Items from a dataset
◆ ◆ ◆ ◆ ◆

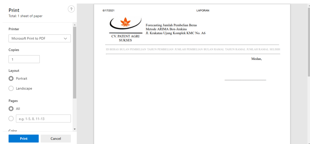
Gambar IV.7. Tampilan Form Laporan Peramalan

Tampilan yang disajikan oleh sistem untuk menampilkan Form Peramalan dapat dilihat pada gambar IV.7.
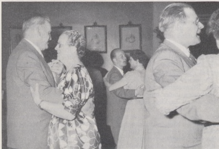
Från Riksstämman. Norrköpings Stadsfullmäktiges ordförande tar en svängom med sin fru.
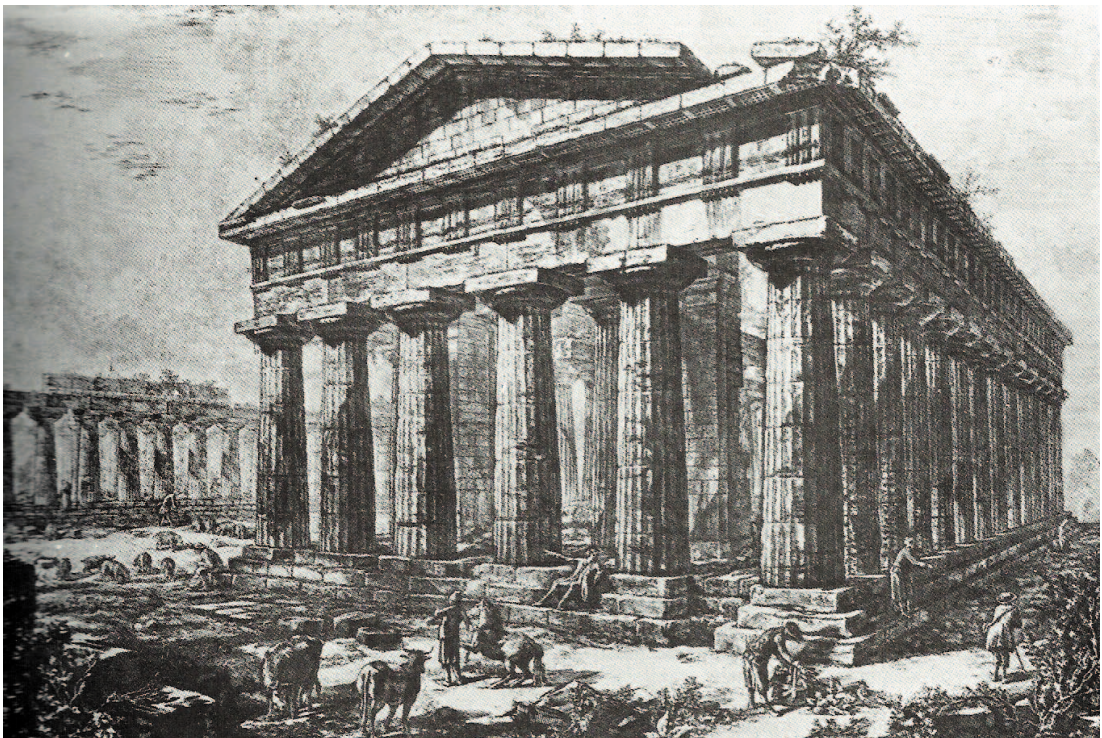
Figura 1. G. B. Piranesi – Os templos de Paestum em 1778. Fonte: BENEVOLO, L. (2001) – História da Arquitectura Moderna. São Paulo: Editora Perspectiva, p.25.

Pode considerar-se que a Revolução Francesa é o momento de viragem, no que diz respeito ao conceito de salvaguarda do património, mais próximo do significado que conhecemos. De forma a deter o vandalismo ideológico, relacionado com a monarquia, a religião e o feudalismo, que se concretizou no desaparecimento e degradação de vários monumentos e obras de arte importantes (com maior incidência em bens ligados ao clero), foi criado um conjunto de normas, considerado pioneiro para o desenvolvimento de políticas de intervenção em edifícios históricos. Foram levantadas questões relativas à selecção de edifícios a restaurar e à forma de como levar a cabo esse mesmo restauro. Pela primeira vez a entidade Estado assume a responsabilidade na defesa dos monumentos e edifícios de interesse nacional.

◆ ◆ ◆ ◆ ◆

**ASSIGNMENT**
Each record is to be restated word for word; no picture goes in.

**RESULT FOR THIS EXERCISE**
Gambar IV.7. Tampilan Form Laporan Peramalan

Tampilan yang disajikan oleh sistem untuk menampilkan Form Peramalan dapat dilihat pada gambar IV.7.
Från Riksstämman. Norrköpings Stadsfullmäktiges ordförande tar en svängom med sin fru.
Figura 1. G. B. Piranesi – Os templos de Paestum em 1778. Fonte: BENEVOLO, L. (2001) – História da Arquitectura Moderna. São Paulo: Editora Perspectiva, p.25.

Pode considerar-se que a Revolução Francesa é o momento de viragem, no que diz respeito ao conceito de salvaguarda do património, mais próximo do significado que conhecemos. De forma a deter o vandalismo ideológico, relacionado com a monarquia, a religião e o feudalismo, que se concretizou no desaparecimento e degradação de vários monumentos e obras de arte importantes (com maior incidência em bens ligados ao clero), foi criado um conjunto de normas, considerado pioneiro para o desenvolvimento de políticas de intervenção em edifícios históricos. Foram levantadas questões relativas à selecção de edifícios a restaurar e à forma de como levar a cabo esse mesmo restauro. Pela primeira vez a entidade Estado assume a responsabilidade na defesa dos monumentos e edifícios de interesse nacional.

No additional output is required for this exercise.